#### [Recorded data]
• • • •
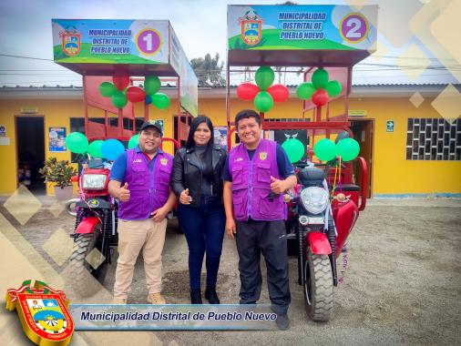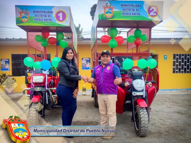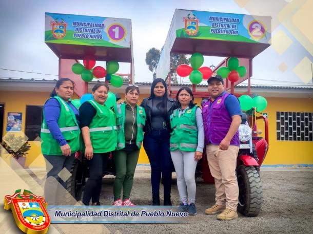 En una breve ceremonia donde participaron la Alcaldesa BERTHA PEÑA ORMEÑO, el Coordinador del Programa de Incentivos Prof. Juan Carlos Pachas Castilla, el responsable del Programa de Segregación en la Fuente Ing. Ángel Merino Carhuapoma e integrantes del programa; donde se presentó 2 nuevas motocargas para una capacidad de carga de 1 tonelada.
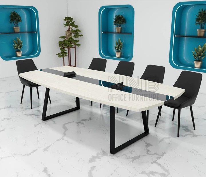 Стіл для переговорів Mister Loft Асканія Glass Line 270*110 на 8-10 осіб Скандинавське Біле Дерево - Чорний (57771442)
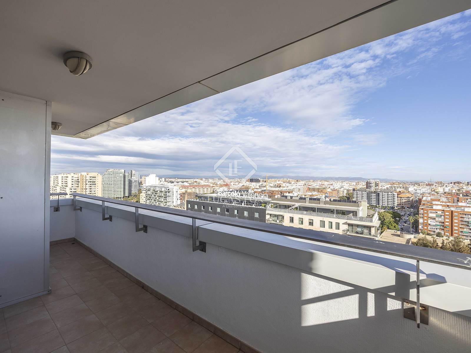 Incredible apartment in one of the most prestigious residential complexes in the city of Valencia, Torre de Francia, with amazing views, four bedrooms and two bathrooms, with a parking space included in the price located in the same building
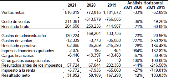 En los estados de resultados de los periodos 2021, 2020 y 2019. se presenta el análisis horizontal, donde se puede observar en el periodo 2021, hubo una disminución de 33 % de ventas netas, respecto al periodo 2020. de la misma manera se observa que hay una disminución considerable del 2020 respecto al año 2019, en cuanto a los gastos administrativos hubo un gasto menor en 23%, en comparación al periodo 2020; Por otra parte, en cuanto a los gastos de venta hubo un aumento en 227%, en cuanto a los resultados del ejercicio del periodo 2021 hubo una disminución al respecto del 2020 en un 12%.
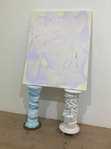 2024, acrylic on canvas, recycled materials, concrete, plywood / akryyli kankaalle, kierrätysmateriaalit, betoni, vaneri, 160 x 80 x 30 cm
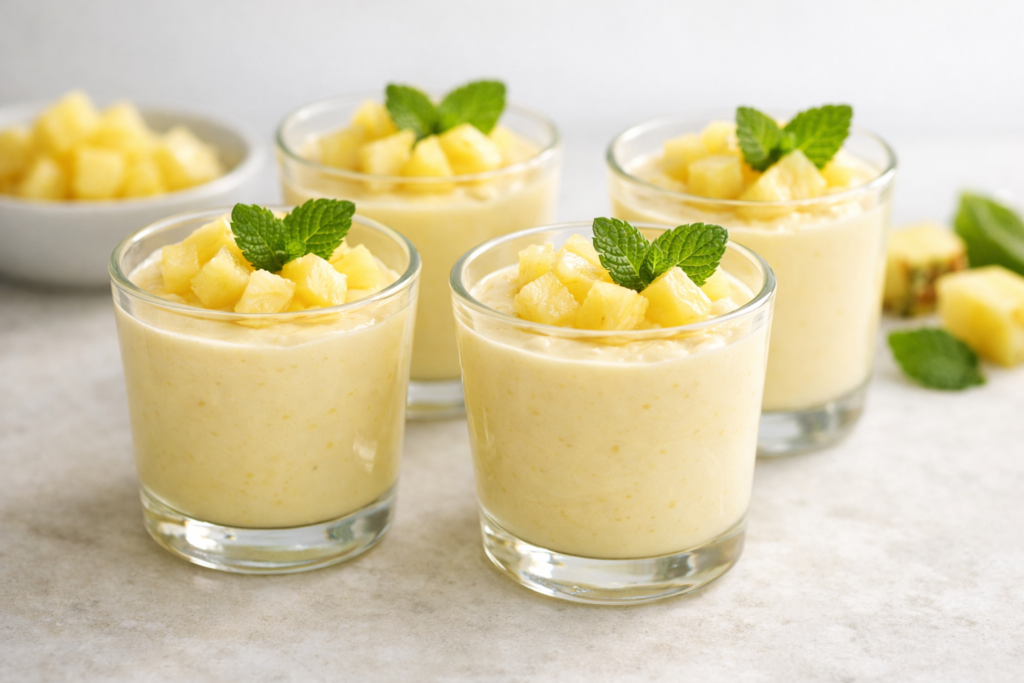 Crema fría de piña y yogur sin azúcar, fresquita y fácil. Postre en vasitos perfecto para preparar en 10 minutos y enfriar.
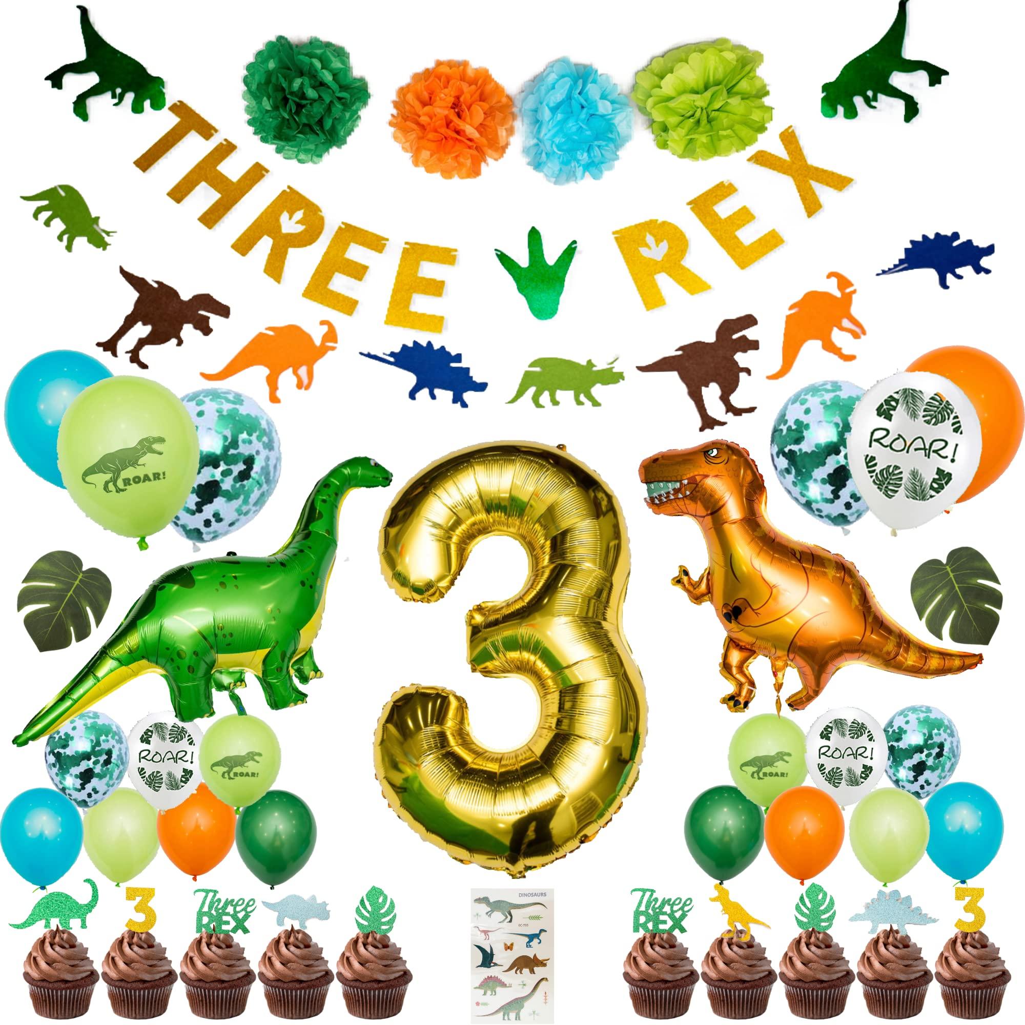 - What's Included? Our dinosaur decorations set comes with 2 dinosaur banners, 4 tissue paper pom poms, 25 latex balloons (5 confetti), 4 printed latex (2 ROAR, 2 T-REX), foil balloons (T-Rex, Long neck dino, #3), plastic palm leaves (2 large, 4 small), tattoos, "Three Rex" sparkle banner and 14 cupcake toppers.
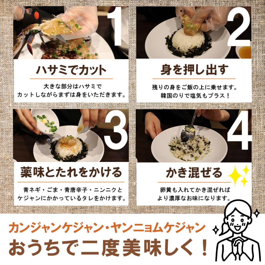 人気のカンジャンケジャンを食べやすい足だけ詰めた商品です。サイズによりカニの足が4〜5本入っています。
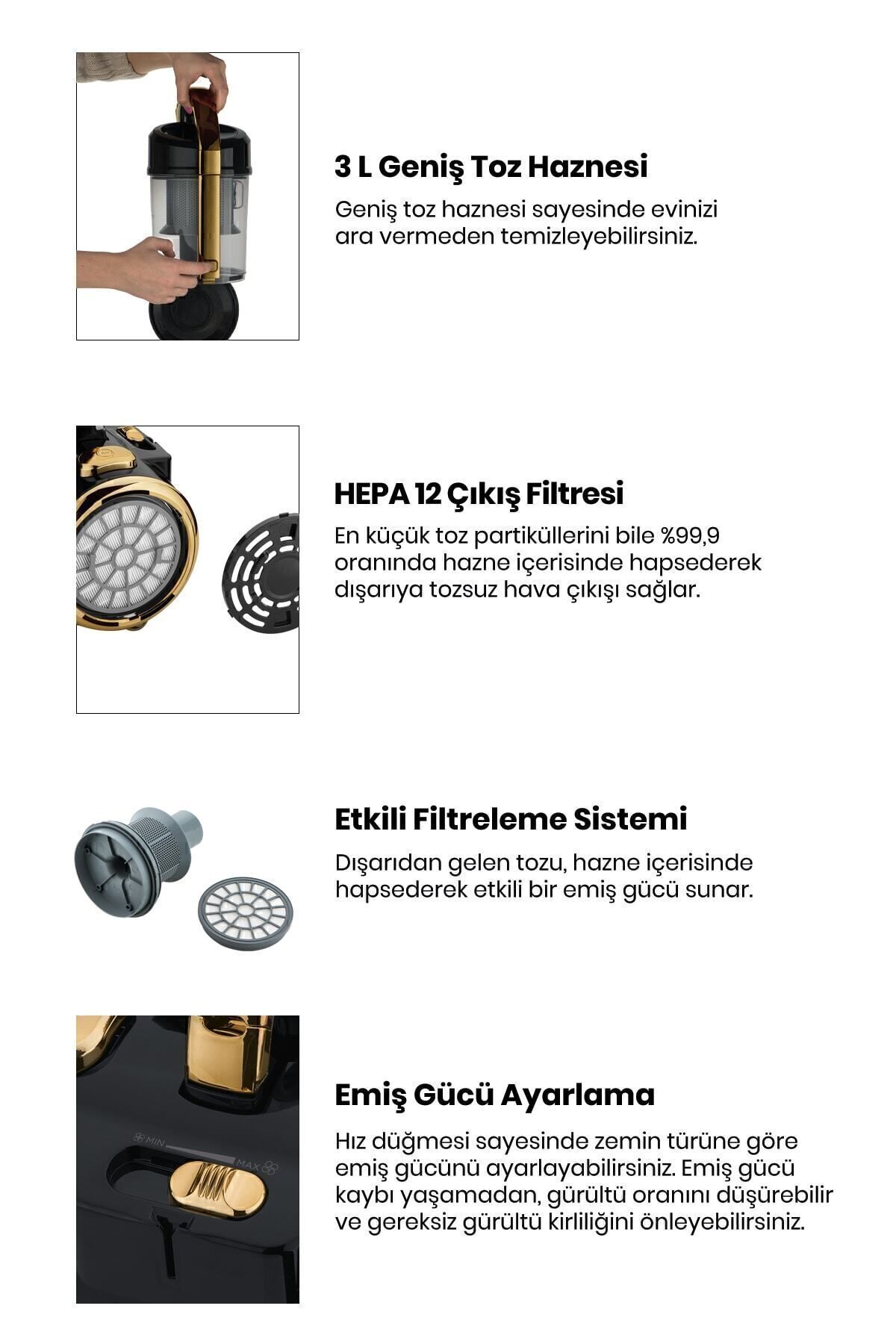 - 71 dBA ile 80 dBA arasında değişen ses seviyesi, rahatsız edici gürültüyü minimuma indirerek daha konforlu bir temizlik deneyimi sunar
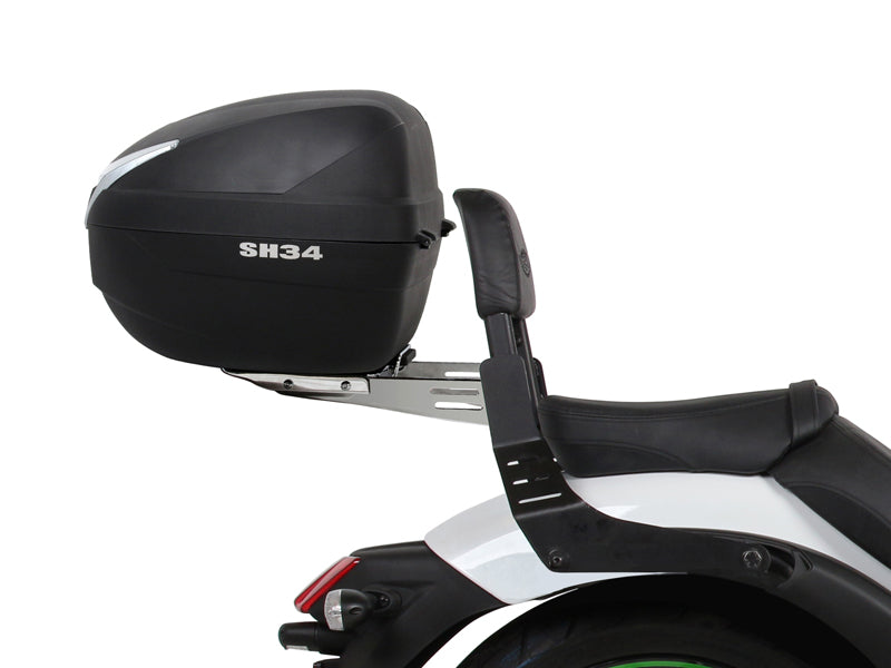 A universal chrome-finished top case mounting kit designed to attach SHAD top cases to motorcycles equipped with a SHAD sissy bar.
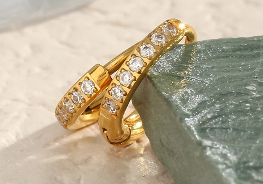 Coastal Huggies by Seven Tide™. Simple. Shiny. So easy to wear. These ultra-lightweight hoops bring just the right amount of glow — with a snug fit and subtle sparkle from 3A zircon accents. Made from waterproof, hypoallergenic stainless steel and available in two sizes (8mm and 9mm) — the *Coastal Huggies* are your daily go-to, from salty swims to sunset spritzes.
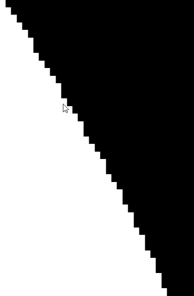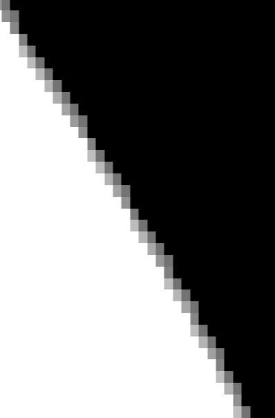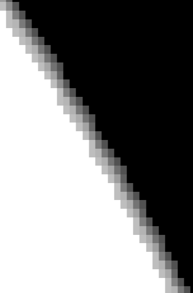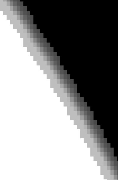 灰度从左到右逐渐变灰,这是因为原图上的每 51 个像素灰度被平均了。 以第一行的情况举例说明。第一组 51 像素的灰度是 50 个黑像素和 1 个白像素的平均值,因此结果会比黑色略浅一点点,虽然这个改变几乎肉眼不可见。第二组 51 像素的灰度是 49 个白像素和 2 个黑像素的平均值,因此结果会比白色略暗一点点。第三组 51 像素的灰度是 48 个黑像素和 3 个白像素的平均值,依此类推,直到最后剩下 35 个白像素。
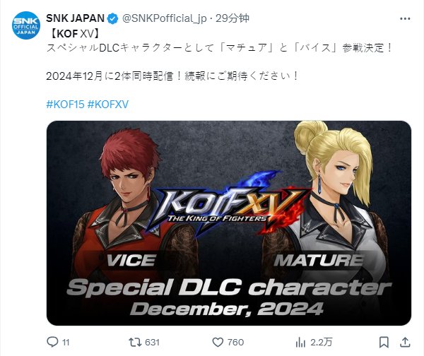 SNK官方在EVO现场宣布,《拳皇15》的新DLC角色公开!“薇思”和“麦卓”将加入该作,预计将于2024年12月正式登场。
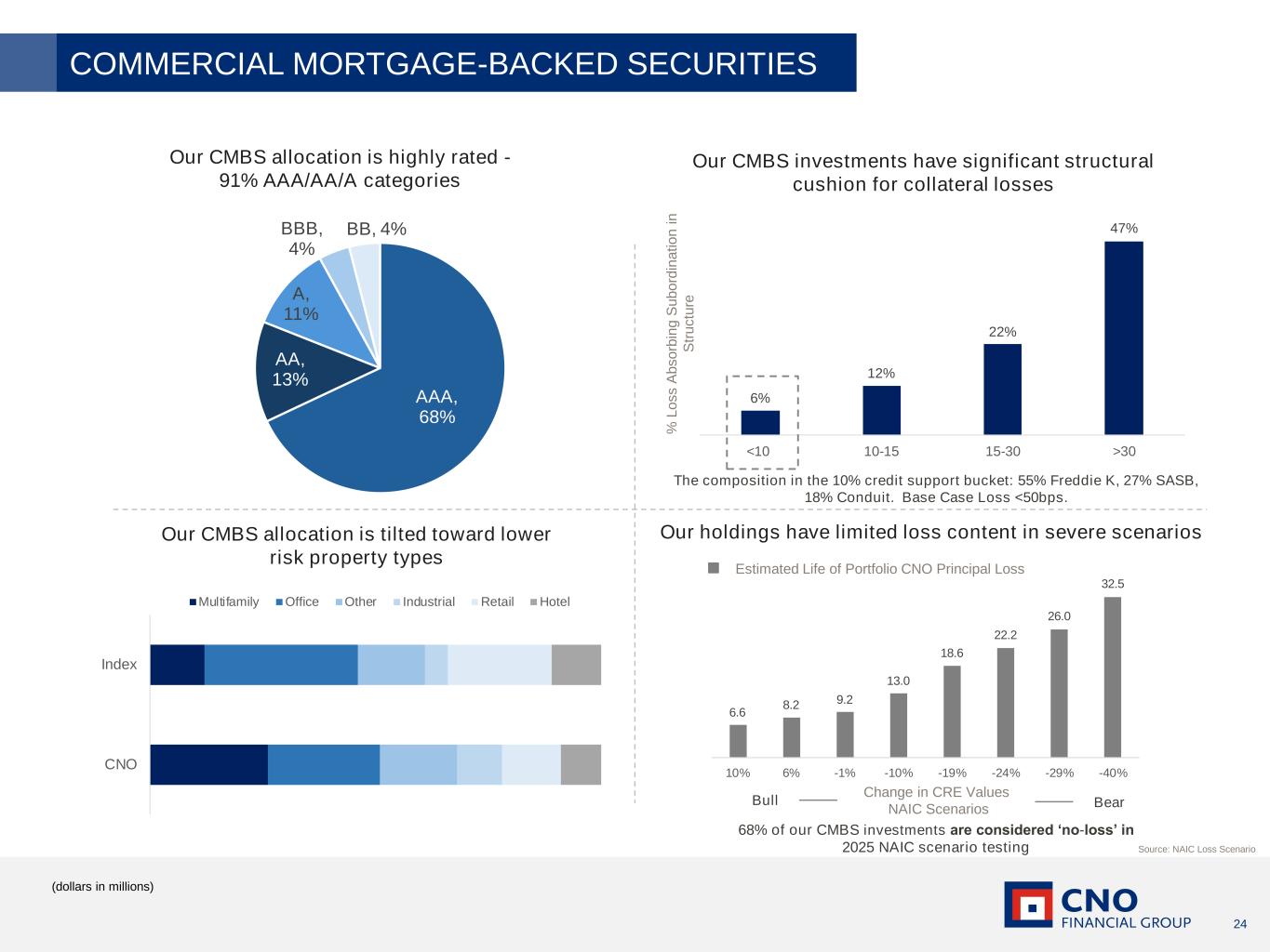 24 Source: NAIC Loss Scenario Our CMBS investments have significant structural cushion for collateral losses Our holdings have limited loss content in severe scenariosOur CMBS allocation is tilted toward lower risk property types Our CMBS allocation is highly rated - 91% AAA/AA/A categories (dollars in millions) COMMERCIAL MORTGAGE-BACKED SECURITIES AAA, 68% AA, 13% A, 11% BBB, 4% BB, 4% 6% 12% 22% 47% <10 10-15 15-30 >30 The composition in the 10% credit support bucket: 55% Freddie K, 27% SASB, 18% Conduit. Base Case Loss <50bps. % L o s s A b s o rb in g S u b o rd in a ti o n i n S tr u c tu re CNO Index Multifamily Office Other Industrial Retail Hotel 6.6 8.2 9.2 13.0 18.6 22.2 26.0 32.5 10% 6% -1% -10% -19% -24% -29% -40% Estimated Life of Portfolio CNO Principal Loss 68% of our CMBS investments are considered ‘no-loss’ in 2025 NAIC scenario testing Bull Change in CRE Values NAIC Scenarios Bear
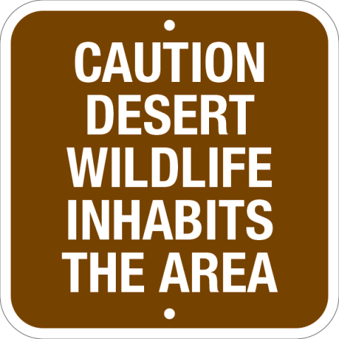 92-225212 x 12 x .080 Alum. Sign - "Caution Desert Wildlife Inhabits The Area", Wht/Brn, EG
• • • •
#### [WORK ORDER]
Look above for the line with "- What's Included?" and the line with "灰度从左到右逐渐变灰,这是因为原图上的每 51 个像素灰度被平均了。". Copy them and every line between, exactly, but no pictures.

#### [WRITTEN ANSWER]
 - What's Included? Our dinosaur decorations set comes with 2 dinosaur banners, 4 tissue paper pom poms, 25 latex balloons (5 confetti), 4 printed latex (2 ROAR, 2 T-REX), foil balloons (T-Rex, Long neck dino, #3), plastic palm leaves (2 large, 4 small), tattoos, "Three Rex" sparkle banner and 14 cupcake toppers.
 人気のカンジャンケジャンを食べやすい足だけ詰めた商品です。サイズによりカニの足が4〜5本入っています。
 - 71 dBA ile 80 dBA arasında değişen ses seviyesi, rahatsız edici gürültüyü minimuma indirerek daha konforlu bir temizlik deneyimi sunar
 A universal chrome-finished top case mounting kit designed to attach SHAD top cases to motorcycles equipped with a SHAD sissy bar.
 Coastal Huggies by Seven Tide™. Simple. Shiny. So easy to wear. These ultra-lightweight hoops bring just the right amount of glow — with a snug fit and subtle sparkle from 3A zircon accents. Made from waterproof, hypoallergenic stainless steel and available in two sizes (8mm and 9mm) — the *Coastal Huggies* are your daily go-to, from salty swims to sunset spritzes.
 灰度从左到右逐渐变灰,这是因为原图上的每 51 个像素灰度被平均了。 以第一行的情况举例说明。第一组 51 像素的灰度是 50 个黑像素和 1 个白像素的平均值,因此结果会比黑色略浅一点点,虽然这个改变几乎肉眼不可见。第二组 51 像素的灰度是 49 个白像素和 2 个黑像素的平均值,因此结果会比白色略暗一点点。第三组 51 像素的灰度是 48 个黑像素和 3 个白像素的平均值,依此类推,直到最后剩下 35 个白像素。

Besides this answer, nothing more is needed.